SR-IOV Device Plugin PF Flag on Kubernetes
Configure SR-IOV device plugin PF flag in Kubernetes. Expose physical functions as allocatable resources for exclusive RDMA access.
💡 Quick Answer: The SR-IOV Network Device Plugin can flag Physical Functions (PFs) as allocatable resources alongside or instead of VFs. Set
"isRdma": trueon the PF resource pool to expose the PF’s RDMA device directly, or use the"pfNames"selector to target specific PFs. This is critical for single-tenant GPU clusters where pods need the full PF bandwidth for GPUDirect RDMA without VF overhead.
The Problem
By default, the SR-IOV device plugin only exposes Virtual Functions (VFs) as Kubernetes resources. But some workloads need direct Physical Function access:
- GPUDirect RDMA at full line rate — VFs add overhead and limit MTU/features
- DPDK applications that need PF-level control
- Single-tenant GPU nodes where VF splitting is unnecessary
- RDMA verbs on the PF — some NICs don’t support RDMA on VFs without extra config
- Monitoring and diagnostics — PF exposes full hardware counters
- NFSoRDMA or storage-path networking — PF provides maximum throughput
The Solution
Device Plugin ConfigMap — Flagging PFs
apiVersion: v1
kind: ConfigMap
metadata:
name: sriovdp-config
namespace: kube-system
data:
config.json: |
{
"resourceList": [
{
"resourceName": "mlnx_rdma_pf",
"resourcePrefix": "nvidia.com",
"selectors": {
"vendors": ["15b3"],
"devices": ["101b"],
"pfNames": ["ens8f0", "ens8f1"],
"isRdma": true,
"needVhostNet": false
}
},
{
"resourceName": "mlnx_rdma_vf",
"resourcePrefix": "nvidia.com",
"selectors": {
"vendors": ["15b3"],
"devices": ["101e"],
"drivers": ["mlx5_core"],
"isRdma": true
}
}
]
}Key: the "pfNames" selector combined with the PF’s PCI device ID (e.g., 101b for ConnectX-6) tells the device plugin to register the PF itself as an allocatable resource — not its VFs.
How PF Flagging Works
graph TD
subgraph NIC: ConnectX-6
PF0[PF0: ens8f0<br/>PCI 101b<br/>200Gb/s full BW]
VF0[VF0: ens8f0v0]
VF1[VF1: ens8f0v1]
VF2[VF2: ens8f0v2]
PF0 --> VF0
PF0 --> VF1
PF0 --> VF2
end
subgraph Device Plugin
DP[SR-IOV Device Plugin]
DP --> |pfNames selector<br/>flags PF| RES_PF[nvidia.com/mlnx_rdma_pf: 1]

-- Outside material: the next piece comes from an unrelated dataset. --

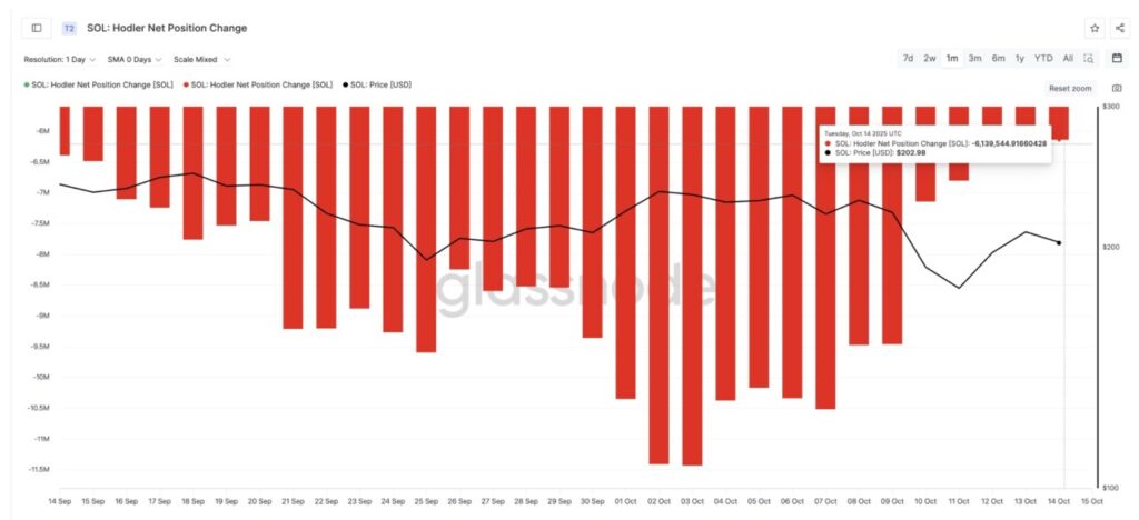 Holder Net Position Change — indikator yang mengukur seberapa banyak pemegang jangka panjang membeli atau menjual — memang masih berada di wilayah negatif, tetapi menunjukkan perbaikan yang signifikan. Antara tanggal 3 hingga 14 Oktober, pemegang jangka panjang mengurangi aksi jual bersih mereka dari sekitar 11,4 juta SOL menjadi 6,1 juta SOL, atau turun sekitar 46%.
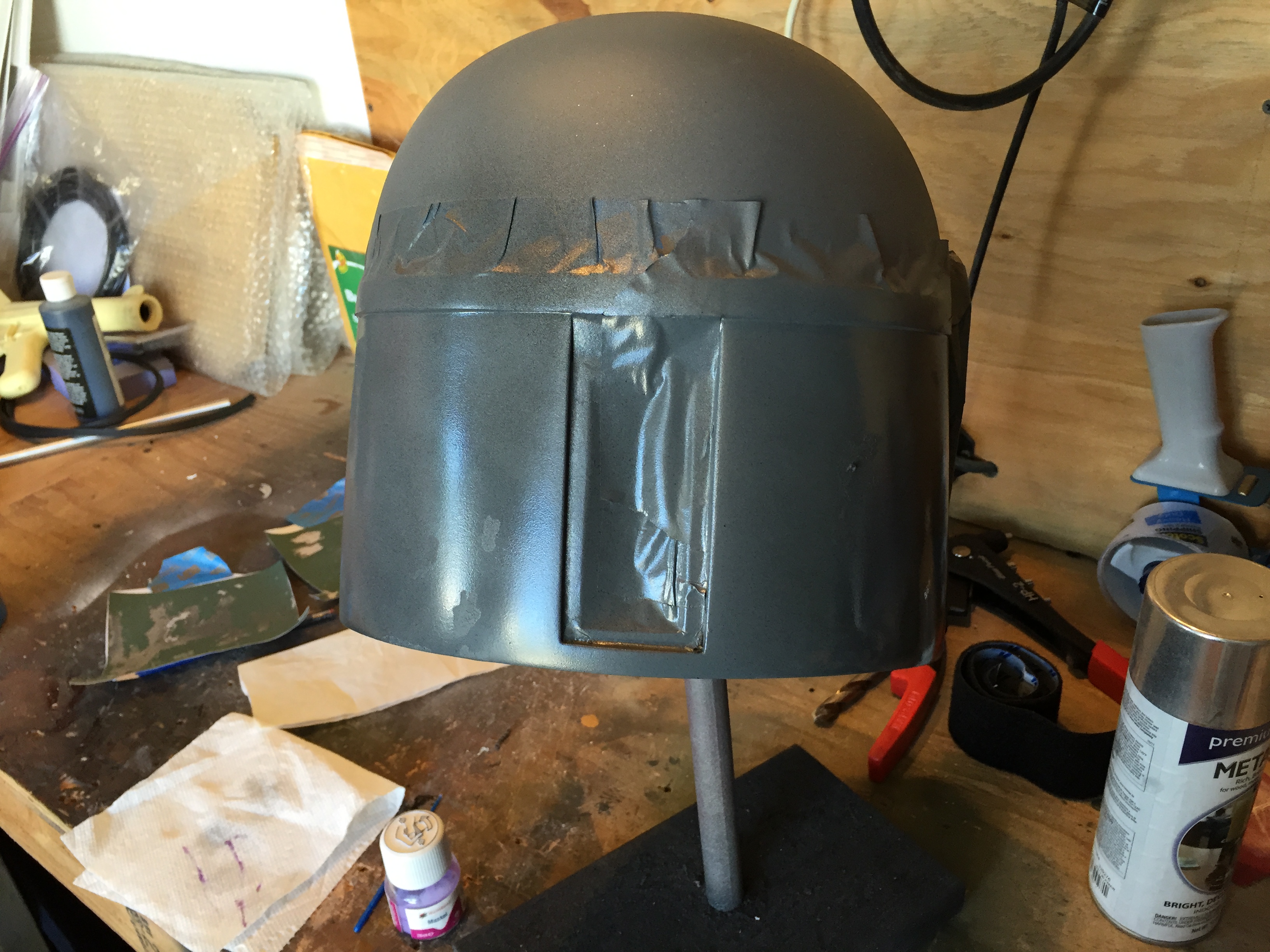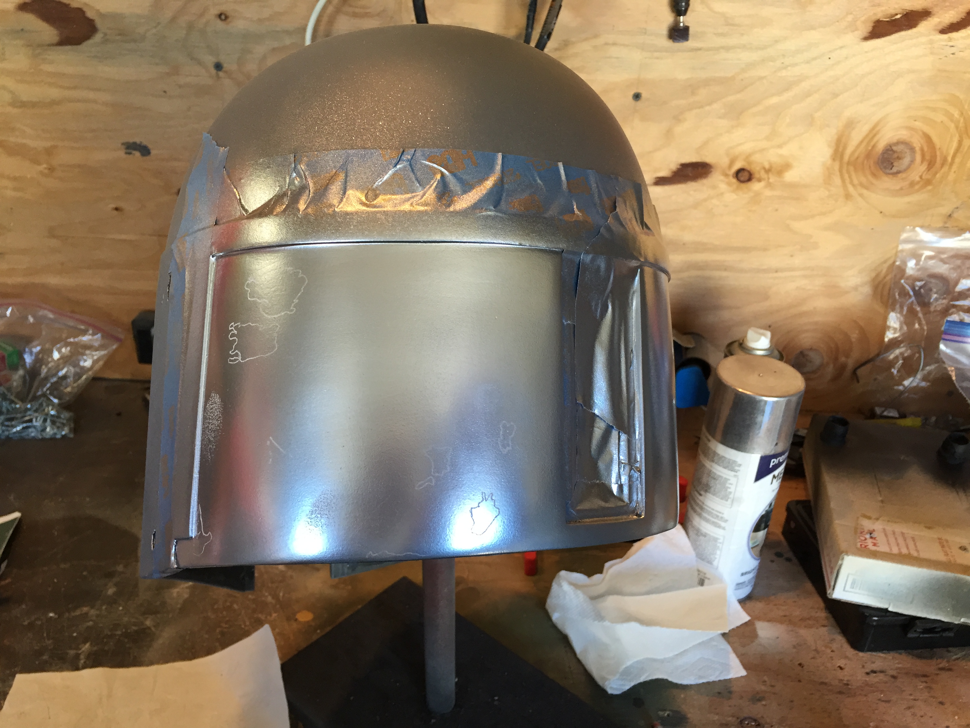 Sprayed grey back down after masking the silver then misted it in some spots with black to give the grey that two tone look .

DP --> |VF device IDs| RES_VF[nvidia.com/mlnx_rdma_vf: 3]
end
style PF0 fill:#76B900,color:white
style RES_PF fill:#4CAF50,color:white
style RES_VF fill:#2196F3,color:whitePod Requesting PF Directly
apiVersion: v1
kind: Pod
metadata:
name: rdma-gpu-training
spec:
containers:
- name: pytorch
image: nvcr.io/nvidia/pytorch:25.11-py3
resources:
limits:
nvidia.com/gpu: 8
nvidia.com/mlnx_rdma_pf: 1 # Full PF, not a VF
env:
- name: NCCL_IB_HCA
value: "mlx5_0" # PF RDMA device
- name: NCCL_NET_GDR_LEVEL
value: "SYS"
securityContext:
capabilities:
add: ["IPC_LOCK"]PF vs VF: When to Use Each
| Aspect | PF (Physical Function) | VF (Virtual Function) |
|---|---|---|
| Bandwidth | Full line rate (200/400Gb/s) | Shared, limited by VF count |
| Features | All NIC features available | Subset of PF features |
| RDMA | Always supported | Requires isRdma: true + driver |
| Isolation | No hardware isolation | Hardware-level isolation |
| Use case | Single-tenant GPU, max BW | Multi-tenant, shared nodes |
| Device type | netdevice | netdevice or vfio-pci |
| GPUDirect | Best perf, direct DMA path | Slight overhead |
Verifying PF Allocation
# Check node allocatable resources
kubectl get node gpu-node-1 -o json | jq '.status.allocatable' | grep mlnx
# "nvidia.com/mlnx_rdma_pf": "2" ← 2 PFs available
# Check device plugin pods
kubectl get pods -n kube-system -l app=sriovdp
# Verify RDMA device inside pod
kubectl exec -it rdma-gpu-training -- ibv_devinfo
# hca_id: mlx5_0
# transport: InfiniBand (0)
# fw_ver: 28.39.1002
# node_guid: 0x...
# sys_image_guid: 0x...
# phys_port_cnt: 1
# port: 1
# state: PORT_ACTIVE (4)
# max_mtu: 4096 (5)
# active_mtu: 4096 (5)
# link_layer: Ethernet
# Verify PF bandwidth (not VF-limited)
kubectl exec -it rdma-gpu-training -- ibv_devinfo -v | grep active_speed
# active_speed: 200 Gb/sec (128)
# Check NCCL picks up RDMA
kubectl exec -it rdma-gpu-training -- \
NCCL_DEBUG=INFO NCCL_DEBUG_SUBSYS=NET python -c "import torch.distributed"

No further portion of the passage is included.